協商連合の出身で、父親は連合の軍人であるアンソン・スーです。戦地に赴く彼とは違って、母親とともに別大陸の合衆国へと亡命していました。
アンソン・スーといえば、物語の序盤(アニメ1期)ではターニャの宿敵として何度も立ちはだかった協商連合の士官。屈指の強敵でしたね。
しかし、最後にはターニャが勝利し、戦利品として彼の持っていた短機関銃を奪い、その後も使用。ですがその短機関銃は、メアリーがアンソンに贈ったものでした。
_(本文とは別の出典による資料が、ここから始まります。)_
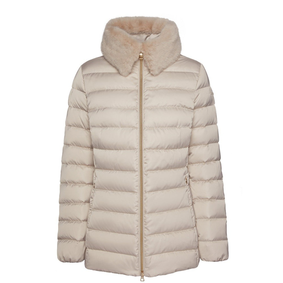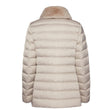 - Women's beige jacket, waterproof and windproof in a regular fit by GEOX. Made with Geox's exclusive patented breathable tape, it provides maximum comfort, natural thermoregulation and breathability. Exterior made of 100% windproof and water-repellent polyester with Amphibiox™ technology that guarantees protection even in torrential rain . Internal filling with EcologicWARM padding, recycled synthetic down, a material with sustainable performance that testifies to Geox's friendly and sustainable approach to environmental protection. Closes with a two-way zipper. It has two external zippered pockets , one internal pocket and a removable eco - fur collar.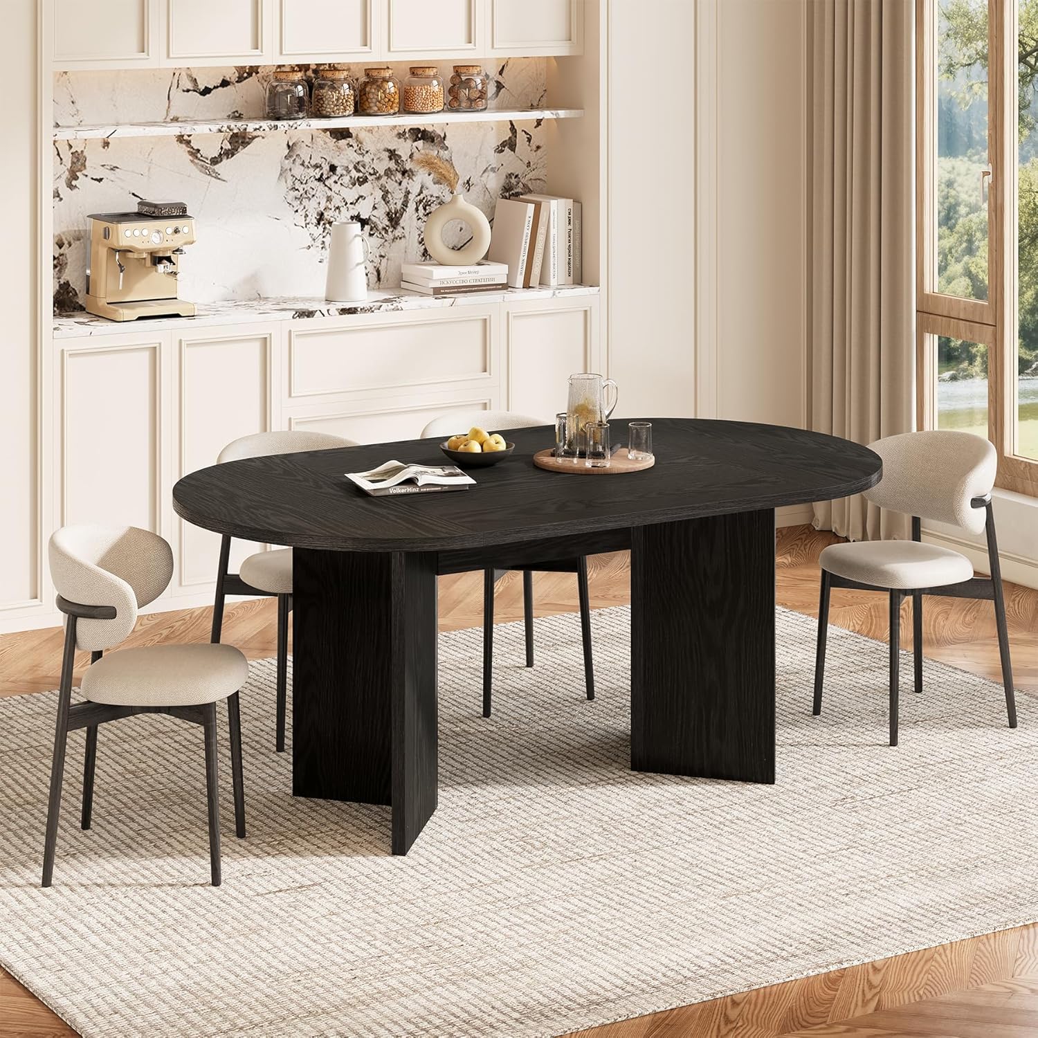 LITTLE TREE 63" Rustic Oval Dining Table for 4-6, Sturdy MDF Farmhouse Kitchen Table with Metal Strip Base, for Living Room, Office, Restaurant, Multi-Use, Black

その後の帝国と諸国の戦争(劇場版のメインとなる戦い)で、メアリーは父の命を奪った「憎き悪の帝国」を討つために合衆国の義勇兵として従軍。戦場で父の銃を持つターニャを見て、それ以来ターニャを「父の仇」と定めて異常な執着心で襲います。
仇であるターニャを討つためなら上官の命令や部隊行動を無視して単独で突進したり、色んな政治的思惑を理解せず「悪の帝国を倒すために色んな国が手を取り合って正義の戦いをしている」と本気で信じていたりと、ぶっちゃけ言ってかなり「痛い子」です。
しかし、神(ターニャの言う「存在X」)からはターニャの対抗馬になり得る人物と見られており、膨大な魔力と加護を与えられています。若年兵の彼女があまりにも強すぎる背景にはこうした事情もあります。
世界観的な意味でも、まさしくターニャのライバルと言える存在です。
『幼女戦記』ターニャとメアリーが正反対な4つのポイント
1.ターニャは未来を求める メアリーは復讐(過去)に執着する
まずそもそも大きく違うのが、ターニャとメアリーの「見据えているもの」でしょう。
ターニャが転生世界で求めているのは「安楽で安定した人生」であり、彼女が戦争で積極的に成果を見せようと奮闘するのも「ゆくゆくは出世コースに乗って安全な後方で気楽に暮らす」ためです。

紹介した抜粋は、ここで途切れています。